High-quality SNVs with coding consequences identified in the 16 patients were run through a series of filters such as HGMD to identify SNVs and INDELs previously reported in the literature. All INDELs were reported as causative. Remaining SNVs were filtered using dbSNP132 (≥1% frequency) to identify rare variants. The identified rare SNV variants were then run through multiple in silico protein pathogenicity predictors to determining whether the coding variation was likely to be causative of the disease. Two of three pathogenicity predictors were required to indicate the mutation was ‘damaging’ in order for it to be classified as causative.

This mutation lies in the coding region of an isoform of DMRT1.

In silico protein predictors do not provide pathogenicity for INDELs.

Of the remaining 14 variants, six were found to be common polymorphisms recorded in dbSNP132 (≥1% frequency), and therefore classified as likely benign mutations. The remaining eight variants were not present in dbSNP132 (≥1% frequency), indicating they were rare variants, thus potentially pathogenic. Discerning between benign and potentially pathogenic rare variants required a multistep approach.

INDELs that result in out-of-frame coding consequences or lie in canonical splice junctions are automatically classified as ‘likely pathogenic’ (19). A single insertion disrupting a canonical splice-site found in CYP11A1 for DSDPt9 was not identified in HGMD or dbSNP132 (≥1% frequency). This was classified as likely pathogenic and is concordant with the known compound heterozygous genetic diagnosis in CYP11A1.

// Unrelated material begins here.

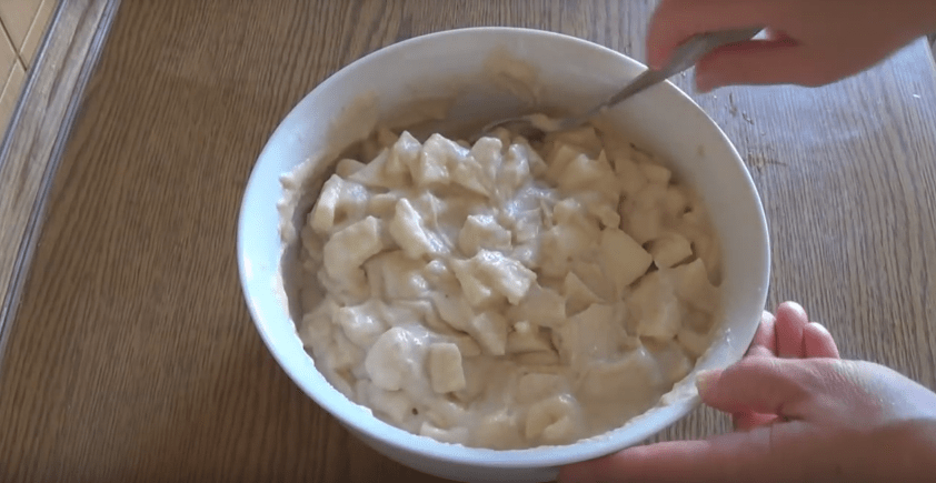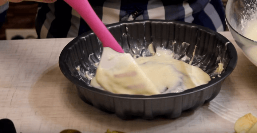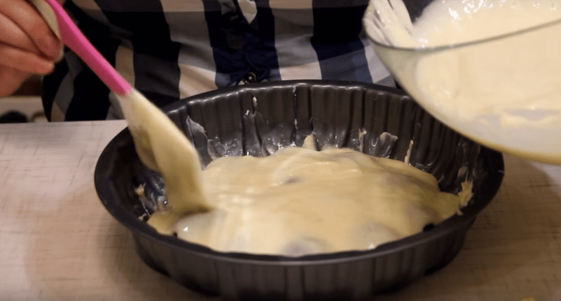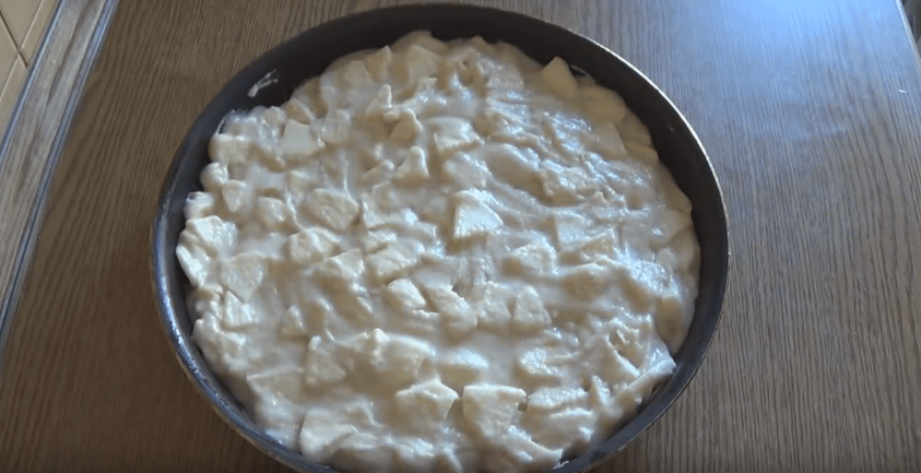 - Оставшееся тесто влейте в форму с яблоками, после чего поместите форму с заготовкой пирога в духовку, разогретую до 180 градусов.

The remaining seven rare SNV variants were analyzed using two independent methods: (i) SNVs were run through three in silico protein pathogenicity prediction algorithms and (ii) SNVs were manually evaluated based on inheritance of the disease (i.e. sex-limited, recessive, dominant) and patient phenotype. These two analyses ensured that we were not excessively filtering out rare variants solely based on in silico pathogenicity predictors. We opted to be more conservative in our calling of benign variants, requiring that two of three pathogenicity predictors predict a tolerable effect and that the manual analysis did not find the SNV as likely to be causative.

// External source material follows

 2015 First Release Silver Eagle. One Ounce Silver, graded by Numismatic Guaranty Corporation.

In DSDPt12, diagnosed with 46, XY gonadal dysgenesis, we identified one hemizygous K1045E mutation in ATRX (20). One of the three pathogenicity predictors called the missense mutation ‘probably damaging’ and manual inspection identified SNV in ATRX as causative in DSDPt12 with 46, XY gonadal dysgenesis. Therefore, we called this a likely pathogenic mutation in the patient. All other SNVs were called as benign or tolerable by two of the three predictors. When manually evaluated, these same SNVs were either not pathogenic because of inheritance (e.g. the gene typically requires pathogenic mutations on both alleles to show a phenotype) and/or the phenotype was sex-limited and only displayed in either XY or XX individuals. In combining the data from in silico protein pathogenicity predictors and manual evaluation, the remaining six SNVs were classified as likely benign.

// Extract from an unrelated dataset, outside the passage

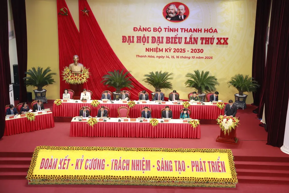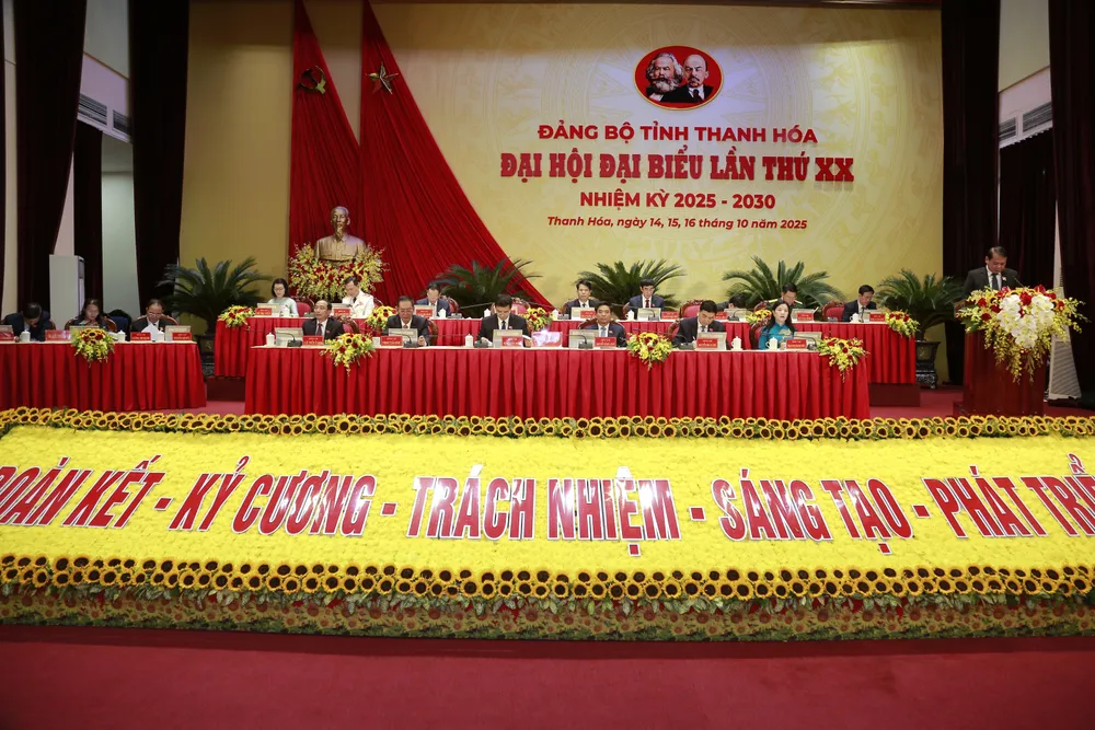 Đại hội đại biểu Đảng bộ tỉnh Thanh Hóa diễn ra từ ngày 14 đến 16-10 tại Trung tâm hội nghị 25B, phường Hạc Thành, tỉnh Thanh Hóa.

As duplication and deletions can contribute to DSD, we screened all of our patients for causative DSD duplications and deletions (21, 22). In DSDPt2, who has an XY karyotype, the mean DOC of NROB1 (DAX1), C_DSDpt2 (NROB1), was elevated to the level of the mean coverage achieved by the samples with XX karyotype (Fig. 2), indicating copy number increase at the locus (21). The normalized coverage of NROB1 gene in DSDPt2 was 2.75 standard deviations away (Z-score = 3.04) from the mean of the normalized coverage of NROB1 of all XY samples (p 0.002). To call CNVs, we have chosen a significance=threshold of Z-score 3.04 away from the mean to call a deletion or duplication involving an entire gene based on the results from DSDPt2, which generates a false-positive rate for CNVs of 0.1%. All other DSD genes were tested in the same manner, with no additional duplications or deletions identified (Appendix S1, Fig. S2).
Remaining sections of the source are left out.